Source data:
○ ○ ○ ○ ○ ○ ○
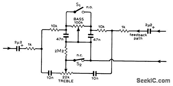 Correction network shown can be inserted in audio channel of mixing console without producing transients or level changes. Although Baxandall network is shown, switching technique is applicable to other filters. With S1 normally open and S2 normally closed, circuit operation is normal. If switch positions are simultaneously reversed, response remains flat regardless of positions of bass and treble pots, centerfrequency gain remains unchanged, and phase shift is unchanged. There is then no transient interruption of AF signals. Switching clicks cannot occur because there is no direct current in the network.-J. S. Wilson, Click-Free Switch-ing forAudio Filters, Wireless World, Jan. 1975, p12.
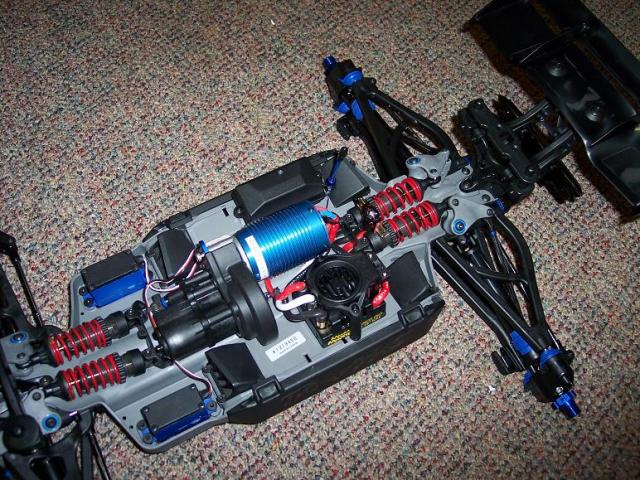 well it started as the brushless edition revo, he wanted a better racing setup so we ditched the castle nue 1515 in favor of a tekno neu 1512 3d 1700kv motor, it will run off a pair of 6s 2500 RC-M lipos in paralell for 6s 5000, tekno swaybars will be installed, along with zero offset bowfighters or holeshots, we are using the monster's setup as a starting point for dailing it in.
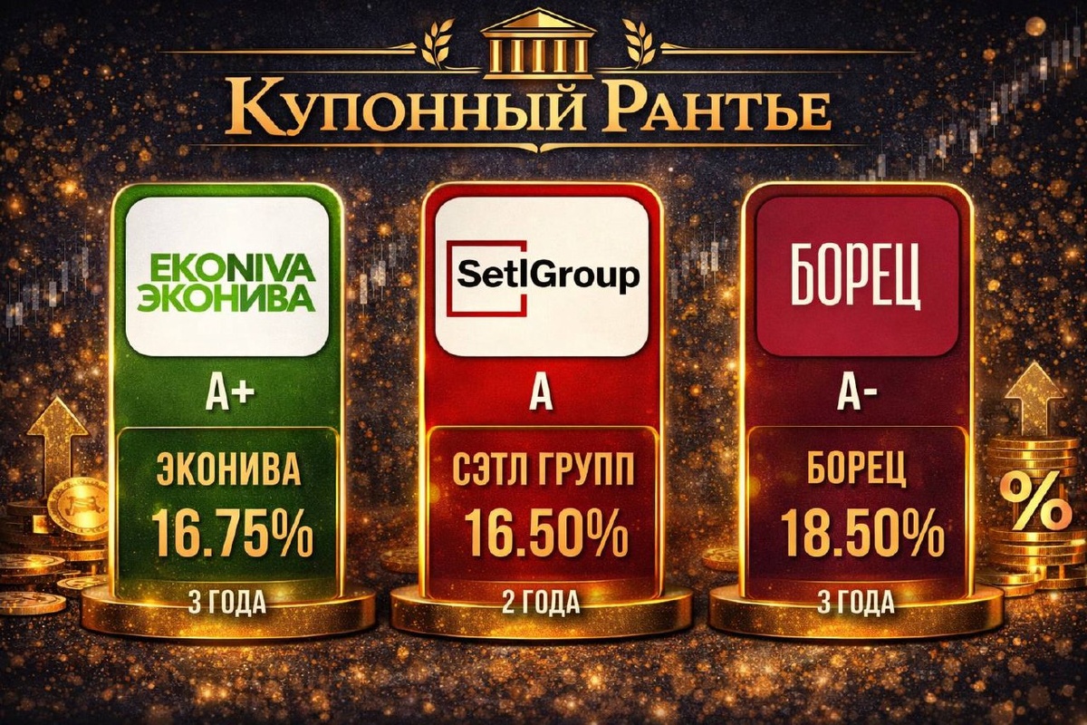 : 📌ЭкоНива-001P-01 ISIN RU000A10EJZ8 - Порядка 80 млрд руб. краткосрочного долга, который придется выплачивать или рефинансировать до конца года. - Купон с 18% снижен 16,75%, что фактически убирает какую-либо премию на этот выпуск. Интересен ли он сейчас? Сомневаюсь. На рынке есть аналоги с аналогичным рейтингом и доходностью выше. Но в качестве эмитента для разбавления портфеля, имеет право на жизнь. 📌СэтлГр-002Р-07 ISIN RU000A10EK06 Вполне достойный вариант, но на фоне сегодняшних же конкурентов выглядит слабее по сроку и доходности. Брать не первичке смысла не вижу, Разбор эмитента планирую на завтра. 📌БорецК-001Р-05 ISIN RU000A10EK71 👉 Обзор на финансовое состояние эмитента и сам выпуск выложен тут
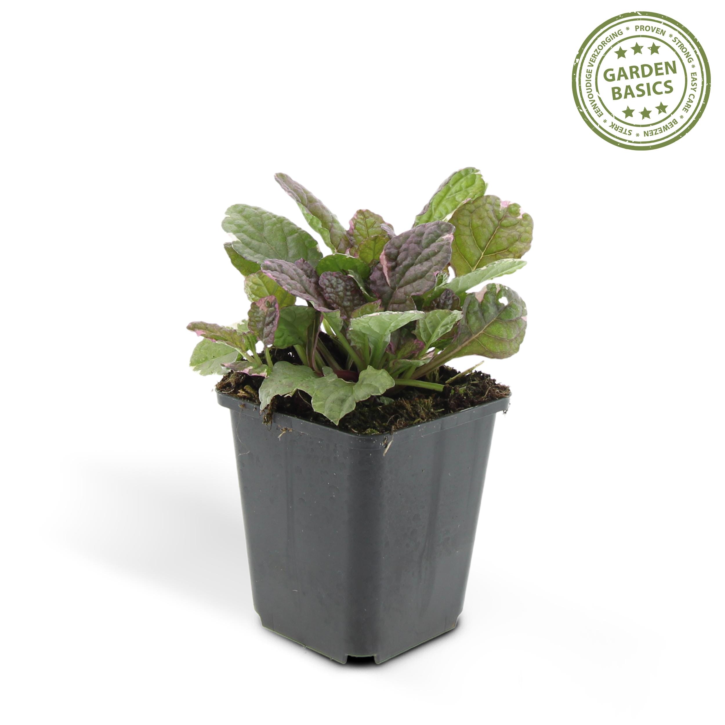 Ajuga Reptans is een mooie volle bodembedekker die plat groeit en zo de bodem geheel zal bedekken met bont leerachtigblad. Mei- Juni bloeit deze mooie bedekker blauw. Hij is zeer groeit het beste in de halfschaduw/schaduw maar groeit op bijna alle grondsoorten. Let op: planten zijn een levend product, waardoor deze kunnen afwijken van de foto en omschrijving. Ook kweken wij op een natuurlijke manier. Dat betekent dat wij, indien niet noodzakelijk, niet direct ingrijpen om insecten en bepaalde oneffenheden van de plant aan te pakken. Hierdoor kan het voorkomen dat de plant in een enkel geval optisch niet perfect is, maar bij u in de tuin alsnog herstelt. Wij beloven dat onze plant een krachtig product is, waarvan u langdurig gemak en plezier zult ervaren. Onze planten worden geleverd in een recyclebare plastic kweekpot welke, als u deze op de juiste wijze scheidt, terugkomt in de plastic kringloop. Alle planten worden direct verpakt en verzonden vanuit onze eigen kwekerij.
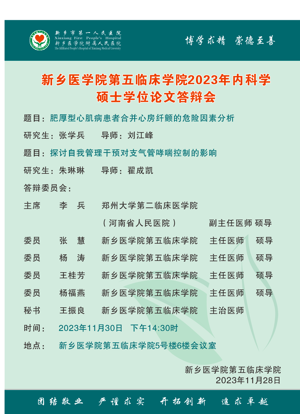 2023下半年第五临床学院内科学硕士学位论文答辩会
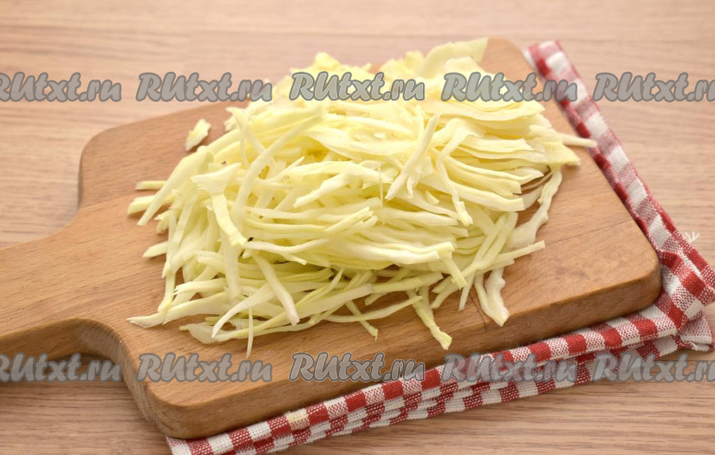 Сразу же добавляем в кастрюлю капусту, нарезанную на тонкие полоски, даём куриному бульону закипеть. Уменьшив огонь, варим картошку с капустой 20 минут.
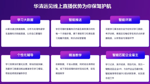 華清遠見旗下品牌創(chuàng)客學院是華清遠見重金打造的高端在線學習平臺,致力于培養(yǎng)實戰(zhàn)型高端IT人才。多年來從事線上直播教學、雙師教學,積累了豐富資源和寶貴經(jīng)驗,擁有完整的線上教學系統(tǒng)、全面的教學質(zhì)量管控體系。創(chuàng)客學院所有線上課程均為華清遠見全國12大校區(qū)專家級講師及業(yè)內(nèi)名師精心錄制,能夠為廣大學員提供1對1專屬學習方案、名師大屏授課模式體驗、4V1陪伴式學習、7*13在線實時答疑服務,將最高質(zhì)量的課程及最貼心的服務提供給所有學員。
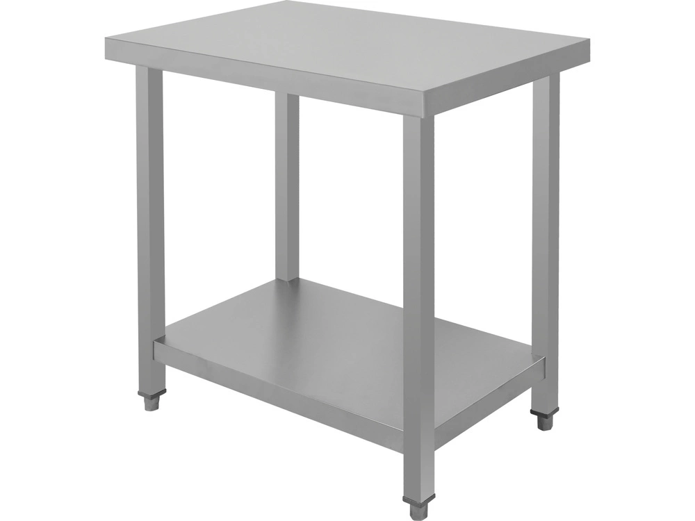 Šroubovaný centrální pracovní stůl YATO YG-08990 s policí o rozměrech 80x50x85 cm je praktickým a odolným řešením pro profesionální gastronomické kuchyně. Je vyroben z leštěné nerezové oceli SS201 a je odolný vůči organickým kyselinám a čisticím prostředkům, takže se snadno udržuje v každodenní čistotě. Robustní konstrukce z 0,8 mm silného plechu, zesílená 20 mm silnou laminovanou dřevěnou deskou zespodu, zaručuje nosnost desky až 150 kg a účinné tlumení zvuku.
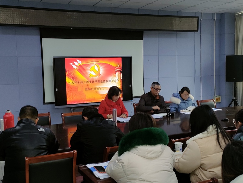 本网讯 2月18日下午,软件工程系2022年度新学期教职工大会暨政治理论学习在行知楼601召开。系主任鲁兵、党总支书记王莉娟、副主任杜丹及全体教职工参加本次会议。
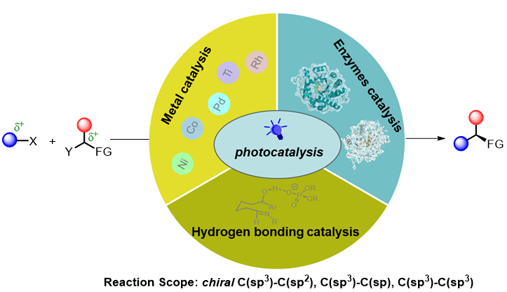 手性碳-碳键广泛存在于生物活性分子和天然产物,其催化不对称方法是有机合成领域的重大挑战与核心目标。通过两种不同亲电试剂的不对称还原性交叉偶联反应是实现手性C-C键构建的高效合成策略之一。近年来,光氧化还原催化 (图1) 因其独特的反应活化模式以及在可持续合成中的重要意义而受到广泛关注。将光氧化还原催化与不对称催化相结合的协同催化策略逐渐兴起,为克服传统不对称催化体系中存在的局限性提供了新的解决思路。
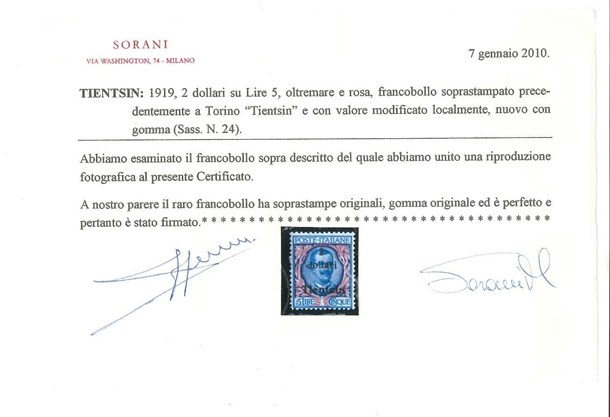 Lot 421 | TIENTSIN 1919 Uffici postali in Cina $2/5 lire oltremare e rosa, soprastampato
○ ○ ○ ○ ○ ○ ○
Transcribe only this stretch of the data: the line with "2023下半年第五临床学院内科学硕士学位论文答辩会", the line with "Сразу же добавляем", and every line in between. Leave out the pictures.

 2023下半年第五临床学院内科学硕士学位论文答辩会
 Сразу же добавляем в кастрюлю капусту, нарезанную на тонкие полоски, даём куриному бульону закипеть. Уменьшив огонь, варим картошку с капустой 20 минут.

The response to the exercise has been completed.